1. Field of the Invention
This invention relates, in general, to the field of semiconductor manufacture. In particular, it relates to monitoring the conditions of post chemical mechanical polishing processing.
2. Description of Related Art
Fabrication of semiconductor integrated circuits (IC) is a complicated multi-step process for creating microscopic structures with various electrical properties to form a connected set of devices. As the level of integration of ICs increases, the devices become smaller and more densely packed, requiring more levels of photolithography and more processing steps. As more layers are built up on the silicon wafer, problems caused by surface non-planarity become increasingly severe and can impact yield and chip performance. During the fabrication process, it may become necessary to remove excess material in a process referred to as planarization.
A common technique used to planarize the surface of a silicon wafer is chemical mechanical polishing (CMP). CMP involves the use of a polishing pad affixed to a circular polishing table and a holder to hold the wafer face down against the rotating pad. A slurry containing abrasive and chemical additives are dispensed onto the polishing pad.
The wafer and polishing pad rotate relative to each other. The rotating action along with the abrasive and chemical additives of the slurry results in a polishing action that removes material from the surface of the wafer. Protrusions on the surface erode more efficiently than recessed areas leading to a flattening or planarization of the wafer surface. Following CMP, the wafer must be cleaned of any CMP and slurry residue. Any residue remaining on the wafer can cause shorts to the IC devices.
A known method of post-CMP processing in the prior art utilizes brush cleaning technology such as the Dai Nippon Screen Model No. SP-W813-AS (DNS brush cleaner). The DNS brush cleaner cleans the wafer using a combination of rinsing, megasonic rinsing, and brush cleaning.
The wafers are loaded into a wet environment, usually water, then transported through a series of cleaning chambers for the brush cleaning cycle. The brush cleaning cycle involves rotating the wafer at high speed, about 1500 rpm, while a jet of deionized water is sprayed on the wafer to dislodge any loose debris from CMP, and the wafer is brushed with a foam brush.
During the brush cleaning cycle, the brush is first placed over the center of the wafer. The brush contacts the backside of the wafer, presses down on the wafer, and moves at a constant height and pressure to the periphery of the wafer in one stroke. The brush then retracts from the wafer and the whole cycle is repeated. The following chamber then brushes the top side of the wafer. After the brushing cycles, the wafer is deposited in the spin/rinse/dry chamber and unloaded dry.
The problem associated with the DNS brush cleaner is the inability of the machine to recognize whether the brush has fallen off and is not making contact with the wafer. A tool user cannot actually see that the brush has fallen off the brush holder since the cleaning process is within an enclosed chamber. Also problems arise when the brush's contact pressure is improperly set during maintenance set up or during the brush cleaning cycle. The silent failure of the brush to properly clean the wafer is difficult to detect until the next inspection point. At that time, several wafer lots have gone through the brush cleaner and would require reworking the lots, a costly solution.

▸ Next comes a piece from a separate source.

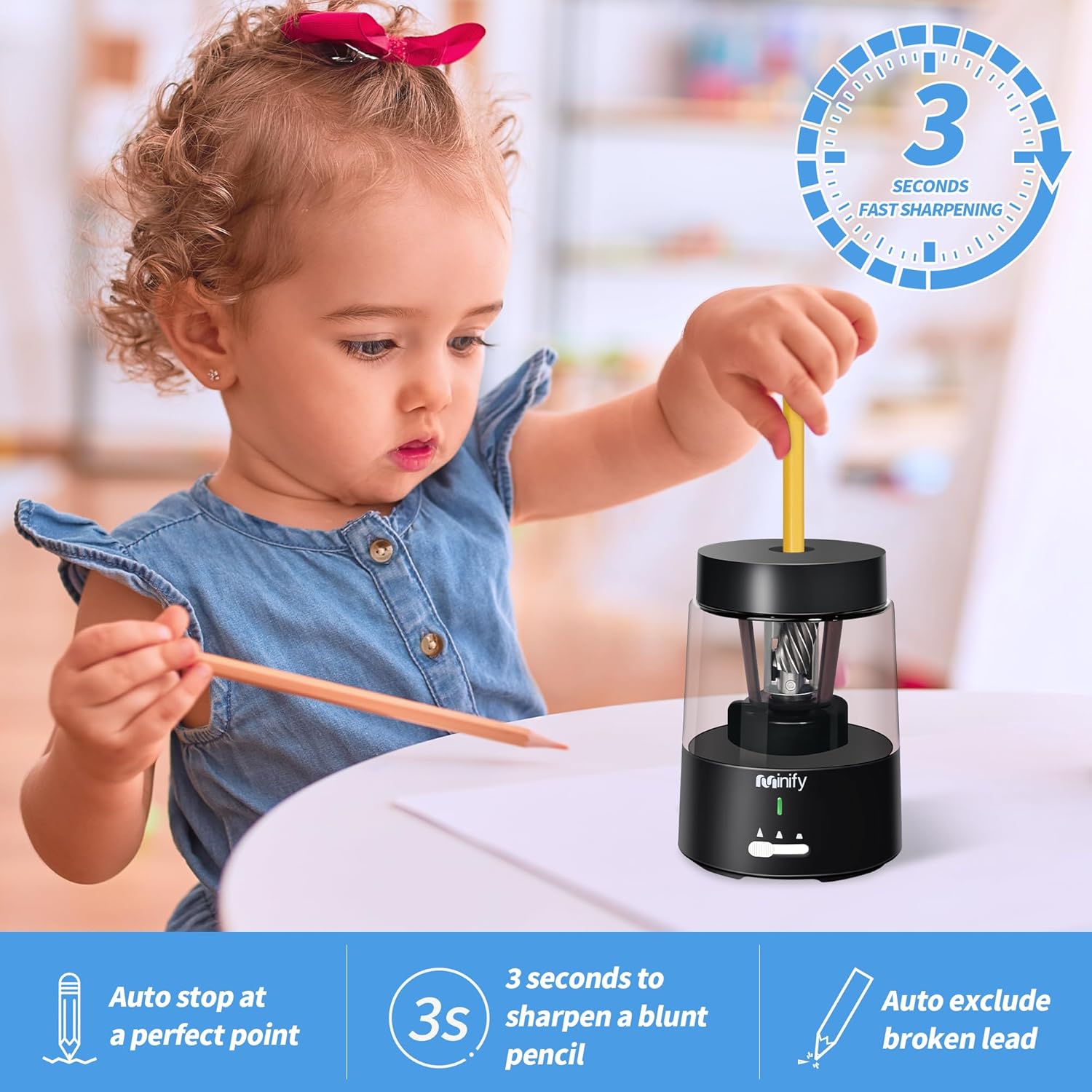 - Auto Stop and Fast Pencil Sharpener: Minify Electric Pencil Sharpener can sharpen a new pencil in five seconds, and sharpen a blunt pencil in three seconds. The Pencil Sharpener will auto stop when it sharpen at a great point. Just insert the pencil and it will automatically stop when sharpened

U.S. Pat. No. 4,561,214 issued to Inoue on Dec. 31, 1985, discloses a motor driven abrading tool having a sensor to monitor electrical resistance between the contact surfaces of the tool and the object being abraded. As the contact resistance increases with the decrease of the urging pressure of the tool, the current from the electrical source is reduced and the voltage drops. A control circuit responds to the drop in voltage to control the rpm of the abrading tool motor or to control the torque on the tool to change the contact pressure of the tool on the object being abraded. This patent does not disclose or suggest monitoring the torque as a means to detect the presence of the abrading tool but rather as a means to adjust the contact pressure of the tool.
U.S. Pat. No. 4,757,566 issued to Field et al. on Jul. 19, 1988, discloses an automatic tool torque compensator for a surface maintenance machine. Once an operator of the machine determines what level of tool torque is desired, the tool torque compensator automatically maintains the tool torque at the desired setting although the surface maintained may vary in elevation or texture. The tool torque compensator achieves the torque compensation by using an electrical signal representative of current load for the tool motor and a signal representative of the desired level of tool torque and integrates the two signals to raise or lower the surface maintenance tools which change their pressure against the surface being maintained. However, this patent discloses adjusting the contact pressure of the tool on the surface being maintained and does not disclose or suggest using the torque value as an input to detecting the presence of the tool itself.
Bearing in mind the problems and deficiencies of the prior art, it is therefore an object of the present invention to provide a post-CMP brush cleaner for semiconductor wafers having a means for ensuring proper wafer cleaning.
It is another object of the present invention to provide a method of ensuring proper wafer cleaning during post-CMP processing.
A further object of the invention is to provide a method of ensuring proper wafer cleaning during post-CMP processing utilizing a DNS brush cleaner.
Still other objects and advantages of the invention will in part be obvious and will in part be apparent from the specification.